Calculate metric values, Algae

Description

Subfunction of metric.values for use with Algae.

Usage

metric.values.algae(
  myDF,
  MetricNames = NULL,
  boo.Adjust = FALSE,
  cols2keep = NULL,
  MetricSort = NA,
  boo.Shiny = FALSE,
  verbose
)

Arguments

myDF

Data frame of taxa.

MetricNames

Optional vector of metric names to be returned.

boo.Adjust

Optional boolean value on whether to perform adjustments of values prior to scoring. Default = FALSE but may be TRUE for certain metrics.

cols2keep

Column names of fun.DF to retain in the output. Uses column names.

MetricSort

How metric names should be sort; NA = as is , AZ = alphabetical. Default = NULL.

boo.Shiny

Boolean value for if the function is accessed via Shiny. Default = FALSE.

verbose

Include messages to track progress. Default = FALSE

Details

For internal use only. Called from metric.values().

Value

Data frame


Calculate metric values, Bugs

Description

Subfunction of metric.values for use with Benthic Macroinvertebrates

Usage

metric.values.bugs(
  myDF,
  MetricNames = NULL,
  boo.Adjust = FALSE,
  cols2keep = NULL,
  MetricSort = NA,
  boo.marine = FALSE,
  boo.Shiny,
  verbose,
  metric_subset,
  taxaid_dni = NULL
)

Arguments

myDF

Data frame of taxa.

MetricNames

Optional vector of metric names to be returned.

boo.Adjust

Optional boolean value on whether to perform adjustments of values prior to scoring. Default = FALSE but may be TRUE for certain metrics.

cols2keep

Column names of fun.DF to retain in the output. Uses column names.

MetricSort

How metric names should be sort; NA = as is , AZ = alphabetical.
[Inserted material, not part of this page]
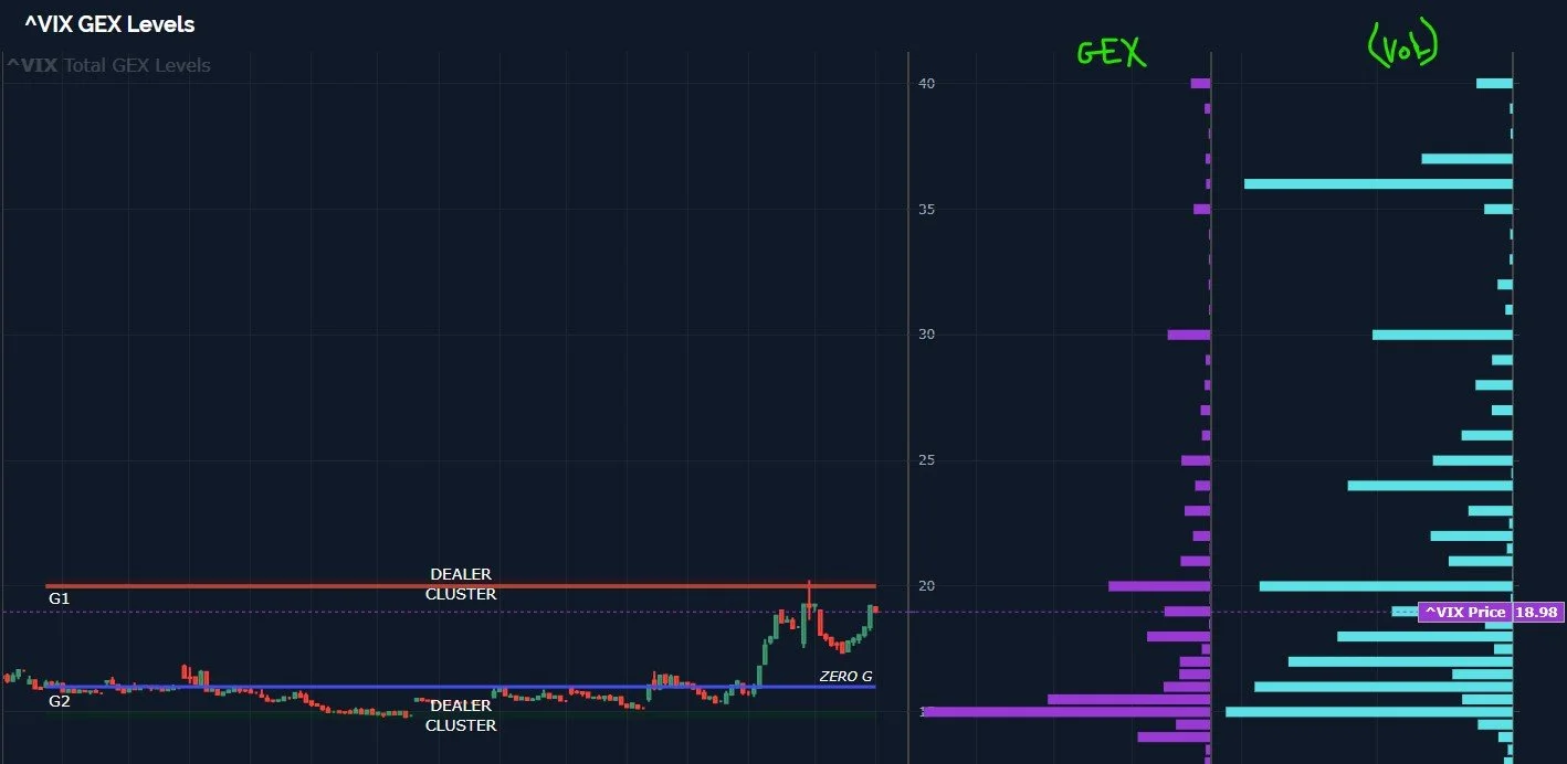 Another question mark arises from the VIX, which did finally tag the upper Dealer Cluster zone at 20, though we continue seeing volume come in at higher strikes, mostly right at 20 (which makes sense) and then at 36.

Default = NULL.

boo.marine

Should estuary/marine metrics be included. Ignored if fun.MetricNames is not null. Default = FALSE.

boo.Shiny

Boolean value for if the function is accessed via Shiny. Default = FALSE.

verbose

Include messages to track progress. Default = FALSE

metric_subset

Subset of metrics to be generated. Internal function. Default = NULL

taxaid_dni

Taxa names to be included in DNI (Do Not Include) metrics (n = 3) but dropped for all other metrics. Only for benthic metrics. Default = NULL

Details

For internal use only. Called from metric.values().

Value

Data frame


Calculate metric values, coral

Description

Subfunction of metric.values for use with coral

Usage

metric.values.coral(
  myDF,
  MetricNames = NULL,
  boo.Adjust = FALSE,
  cols2keep = NULL,
  MetricSort = NA,
  boo.Shiny = FALSE,
  verbose
)

Arguments

myDF

Data frame of taxa.

MetricNames

Optional vector of metric names to be returned.

boo.Adjust

Optional boolean value on whether to perform adjustments of values prior to scoring. Default = FALSE but may be TRUE for certain metrics.

cols2keep

Column names of fun.DF to retain in the output. Uses column names.

MetricSort

How metric names should be sort; NA = as is , AZ = alphabetical. Default = NULL.

boo.Shiny

Boolean value for if the function is accessed via Shiny. Default = FALSE.

verbose

Include messages to track progress. Default = FALSE

Details

For internal use only. Called from metric.values().

Value

Data frame


Calculate metric values, Fish

Description

Subfunction of metric.values for use with Fish.

Usage

metric.values.fish(
  myDF,
  MetricNames = NULL,
  boo.Adjust = FALSE,
  cols2keep = NULL,
  boo.Shiny,
  verbose
)

Arguments

myDF

Data frame of taxa.

MetricNames

Optional vector of metric names to be returned.

boo.Adjust

Optional boolean value on whether to perform adjustments of values prior to scoring. Default = FALSE but may be TRUE for certain metrics.

cols2keep

Column names of fun.DF to retain in the output. Uses column names.

boo.Shiny

Boolean value for if the function is accessed via Shiny. Default = FALSE.

verbose

Include messages to track progress. Default = FALSE

Details

For internal use only. Called from metric.values().

Value

Data frame


Metric values Groups to Excel

Description

The output of metric.values() is saved to Excel with different groups of metrics on different worksheets.

Usage

metvalgrpxl(
  fun.DF.MetVal,
  fun.DF.xlMetNames = NULL,
  fun.Community,
  fun.MetVal.Col2Keep = c("SAMPLEID", "INDEX_NAME", "INDEX_CLASS"),
  fun.xlGrpCol = "Sort_Group",
  file.out = NULL
)

Arguments

fun.DF.MetVal

Data frame of metric values.

fun.DF.xlMetNames

Data frame of metric names and groups. Default (NULL) will use the verion of MetricNames.xlsx that is in the BioMonTools package.

fun.Community

Community name of calculated metric values (bugs, fish, or algae)

fun.MetVal.Col2Keep

Column names in metric values to keep. Default = c("SAMPLEID", "INDEX_NAME", "INDEX_CLASS")

fun.xlGrpCol

Column name from Excel metric names to use for Groupings. Default = Sort_Group

file.out

Output file name. Default (NULL) will generate a file name based on the data and time (e.g., MetricValuesGroups_bugs_20220201.xlsx)

Details

This function will save the output of metric.values() into groups by worksheet as defined by the user.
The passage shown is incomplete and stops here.